Doutor em ecologia e autor de vários livros sobre educação
ambiental, Genebaldo Freire destaca que todos estes problemas só serão
resolvidos quando os governos e sociedade mudarem sua percepção sobre a
importância dos recursos naturais para a sobrevivência humana.

 “Nós estamos vivendo
uma falha de percepção e temos algumas evidências objetivas que comprovam isso:
nós dependemos de água pra tudo e qual é o nosso comportamento? Desperdício,
consumismo, poluição e desmatamento, e isso tudo numa pressa danada, com uma
população que cresce em 75 milhões de pessoas a cada ano no mundo”, constata.

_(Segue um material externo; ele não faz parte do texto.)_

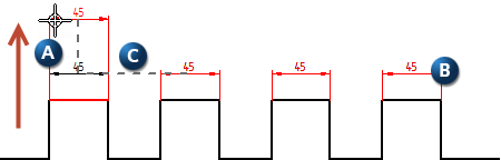 可以使用对齐指示符将尺寸层叠起来。对于层叠的尺寸,将向平行虚线 (B) 附着一条垂直虚线 (A)。 垂直线的方向为向上或向下(取决于位置首选项),并附着到正在创建或修改的尺寸 (C)。层叠尺寸之间的距离由层叠间距设置,它是尺寸文本大小的一个比率。层叠间距可以在尺寸属性对话框或尺寸样式对话框中的线和坐标选项卡中修改。

Segundo o professor, não há lugar seguro no planeta e, além
da falta de percepção, há uma absoluta falta de governança na gestão da água. O
escritor também critica a indiferença e incapacidade da classe política em
lidar com o tema da educação ambiental.

 “A história dos
problemas ambientais passa por essa falha de percepção por várias razões:
conveniência, ignorância ou apatia. Todo o processo de educação ambiental hoje
tem de estar obrigatoriamente centrado na ampliação da percepção, senão não vai
mudar coisa alguma”, avalia Freire.

O professor ressalta que vários colapsos já estão ocorrendo
devido à grande pressão da população mundial de sete bilhões de pessoas sobre
os sistemas naturais, que estão assumindo “configurações diferentes das que nós
estamos acostumados para neutralizar nossas ações”.

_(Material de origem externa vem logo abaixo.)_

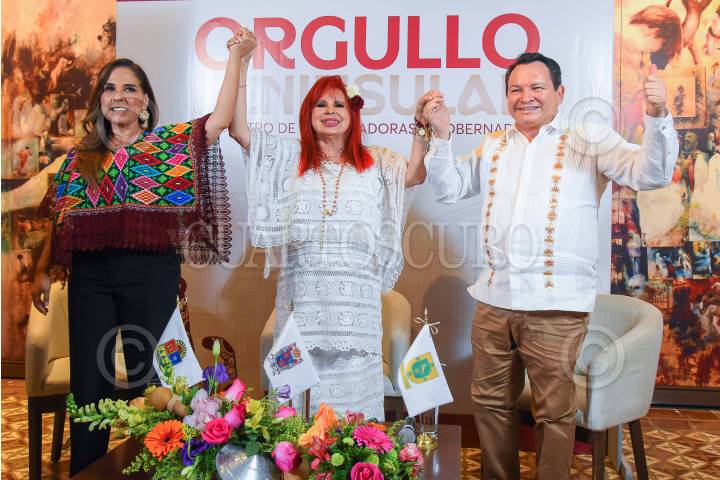 CAMPECHE, CAMPECHE, 07FEBRERO2025.- Layda Sansores, gobernadora de Campeche, encabezó el encuentro “Orgullo Peninsular “ donde junto a los gobernadores, Mara Lezama de Quintana Roo y Joaquín Díaz Mena de Yucatán, acordaron fortalecer la colaboración entre los tres estados. En conferencia de prensa en la casa de los gobernadores en Campeche, destacaron la importancia de trabajar unidos en los ejes de turismo, seguridad y Desarrollo Sostenible para la península. FOTO: MICHAEL BALAM/CUARTOSCURO.COM

Para evitar o agravamento da situação, é necessária uma
evolução do ponto de visto ético e moral e não somente científico e
tecnológico. “A mudança do clima é a maior falha de mercado da espécie humana,
porque é algo em que a inteligência estratégica de sobrevivência do ser humano
não funcionou e continua errando de forma insistente. E qual a consequência
disso? E você ter o crescimento de conflitos que já estão estabelecidos, como
disputa por água, energia e espaço, aumento de refugiados”, comenta.

Informação Agência Brasil.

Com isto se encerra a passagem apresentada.